I have not kept a detailed count, but over the past year, I have come in contact with well over a hundred startups. These encounters have spanned a continuous spectrum that goes from meeting a founder entrepreneur in a networking event who has briefed me on his or her venture, to sitting down for a couple of hours with the management team of an early stage company for a previously scheduled mentoring session. Two common threads run parallel along all the companies and the stories and people behind them that have crossed my path over the past year: 1) The entrepreneurial spirit, or the yearning of people to chart their own course, to call their shots – is very much alive and well in the South Florida entrepreneurial ecosystem and 2) All of these entrepreneurs are looking for funding, and have a strong belief in their own company’s capacity to bring a very attractive return to an outside investor. Everybody wants a spot at the risk capital audition stage.

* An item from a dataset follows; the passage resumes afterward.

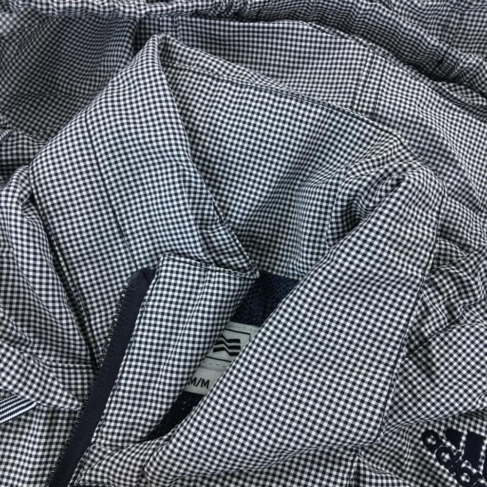 【美品】アディダス 4WAYジャケット ネイビー×白 細目チェック 裏地メッシュ 袖着脱可 フード収納可 メンズ M/M ゴルフウェア adidas
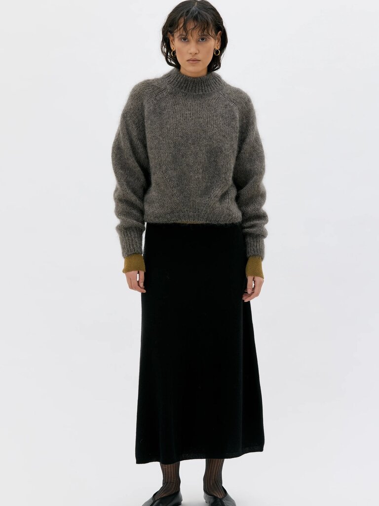 Pull volumineux confectionné dans un mélange italien de soie et de mohair. Coupe courte mais ample avec manches ballon, col montant et épaules tombantes. La matière lui confèrent une allure sculpturale tout en restant extrêmement léger et chaud.

Over the past year, as Program Manager for the New World Angels investor group – the largest and oldest in the state of Florida – I have been fortunate to have a front row seat at this audition stage where only in a small percentage of occasions and after a very rigorous selection process, smart, experienced, “seasoned” capital is put to work in an early stage company. So, what’s the formula that reconciles the favorable optimism of the entrepreneur presenting his or her company with the experience and the risk management analysis of the investor? Are there subjective and objective forces in play on both sides? You bet there are. If you are a founder entrepreneur, you have a lot of competition out there, so before you make the angel investor rounds, make sure you are truly ready to successfully pitch your company. Investors know you will tend have a positive bias towards your company and your idea. This bias permeates all your calculations and forecasts. So they will look for objective measures of the probability of success of your business. The first one of these has to do with your target market. First, you must be able to clearly define what your target market is, and you must be able to quantify it objectively. The larger the size of your target market, the better your chances of building a sizeable business, even with your bias factored in. Sizeable markets that you can realistically serve with your product or service will lower the risk as perceived by investors that a competitor playing in the same market would pose to your company.
A second most important measure investors will look for is your market readiness. Products or services start as ideas, that become prototypes, that are used in a proof of concept test, that become an actual product or a service, that become a product or a service that somebody has actually paid money for. Then, as time goes by and you can successfully get more people to pay for your product or service, you have developed customer traction. The closer you are to the end of the market readiness spectrum I just described, the more palatable you will be to an investor.
A third most important measure, as important as the other two, is the entrepreneur / founder and his or her team. Are there industry experts in your team that can be objectively perceived as such? Investors have seen their share of self- proclaimed experts without a solid track record of achievement in their area of expertise. More than experts, are there industry veterans in your team that have already been there and done that? The more evidence there is that your team has a combination of these types of people in it; the more attractive the startup will be to potential investors. Aside from these three measures, there are other very important parameters that an investor will look at, as you would expect. These include things like competition, strong position via intellectual property, first mover or technological advantage, capital requirements, level of capital commitment from the founders and potential exit opportunities. But generally, these things are easier to sort out objectively than the first three. You could have the most advanced patented technology to address a $500 million dollar market, but if you do not have the team that can successfully grab an important share of this market as customers for your company, smart, seasoned investors will not be as interested.
Yes, they could probably help you put this team together, but that is more work than they might be willing to go through if they at the same time are looking at another deal with great technology, a market as big as yours and a star team in place. So the bottom line is, as a founder entrepreneur, you are not alone in the market for risk capital, and before you get the funding you are seeking to aggressively compete in the market for your product or service, you will be competing among fellow entrepreneurs to pique the interest of investors.
The more seasoned and well -connected these investors are, the better the chance that they will help make you successful, but the more competition you will face for their investment. Being able to specifically understand and describe your target market, your readiness to address it with a finished and tested product or service with an accomplished management team that has a proven track record will increase your chances of success in the funding audition stage.